We’re on the road to nowhere

A good country driver can usually follow his nose. Throw in a couple of well-travelled Ramsey Bros members with roughly 180,000kms of driving between them each year and you’ve got a recipe for a cross-country hike that’s a synch… or so you’d think.  

A couple of years ago, Ramsey Bros’ Eddie Ward pulled up to the house of Group Sales Manager Tim Glover in the early hours, ready to make the trek to a compelling machinery auction in Dubbo.

“It may have been a sign of things to come that I was still asleep when the Director of the company turned up, but I put my skates on, threw a few things in a bag and saddled up next to Eddie for the 12-hour drive to NSW,” Tim says.  

The two-day auction went swimmingly, with the Ramsey Bros team elated to have nabbed some incredible equipment from other dealers, before hitting the road again to knock the edge off the long trek home. They left early the next morning, with Adelaide firmly in their sights.

“Eddie’s renowned for his perseverance, so when he jumped behind the wheel with a mission of getting us home to our families before sun down, I relaxed,” Tim recalls.

The pair casually threw around ‘best-route-theories’ before succumbing to technology and punching the destination into the car’s GPS. They admired the countryside on the journey through Balranald, before passing what appeared to be Mildura, then merging onto a fast-paced highway. It seemed a little odd that the GPS took them left off the highway, but the boys continued on what they assumed could only be a revolutionary shortcut.
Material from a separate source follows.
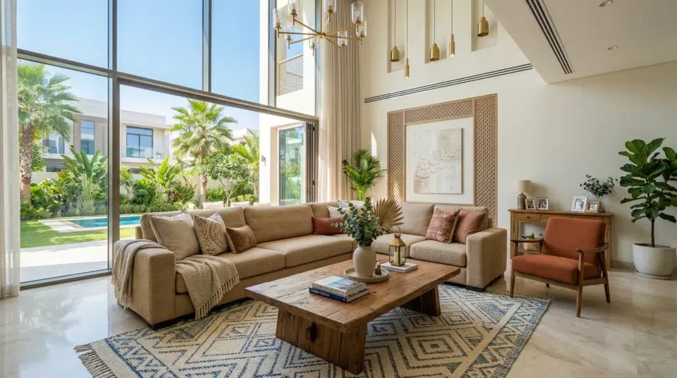 This direction works well because it suits the scale of Dubai villas, ages gracefully, and photographs beautifully for the social media documentation of home life that matters to many UAE families. It also allows you to introduce Arabic design elements at low cost through accessories and textiles rather than expensive statement furniture.

“It was uneventful, until the map led us down a dirt road… then another… and another and another, going from rough gravel to gritty sand. It was around the final corner, that we found ourselves at a dead end — smack bang in the middle of a citrus orchard!”  
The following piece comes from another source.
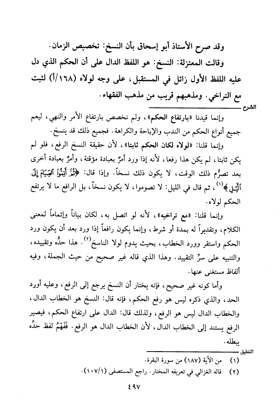 وإنما قلنا: «لولاه لكان الحكم ثابتًا»، لأن حقيقة النسخ الرفع، فلو لم يكن ثابتًا، لم يكن هذا رفعًا، لأنه إذا ورد أمرٌ بعبادة مؤقتة، وأمرٌ بعبادة أخرى بعد تصرُّم ذلك الوقت، لا يكون ذلك نسخًا. وإذا قال: {ثم أتموا الصيام إلى الليل}، ثم قال في الليل: لا تصوموا، لا يكون ذلك نسخًا، بل الرافع ما لا يرتفع الحكم لولاه.

Not only were they gob-smacked by how they’d ended up in such isolation, it quickly became apparent that their Commodore Ute was firmly bogged right up to the axels. With no phone reception and not a soul in sight, Tim resigned to rolling up his sleeves.

“I swung open the door and started digging, one gritty handful at a time. It was tough-going, with Ed revving the ute while I burrowed down and we enthusiastically threw directions (plus a few cuss-words) around. There were sighs of relief when we finally freed ourselves and started to backtrack the rabbit warren we’d headed down.

“We caught our breath, called home to say we’d taken an ‘unexpected detour’ and exchanged a few sheepish side glances before agreeing it was probably safest to keep this misdemeanour between ourselves rather than end up the laughing stock of our staff newsletter,” laughs Tim.

To this day, The Leyland Brothers have travelled frequently together but now put their faith in traditional maps and years of instincts rather than dance with the devilish GPS once more.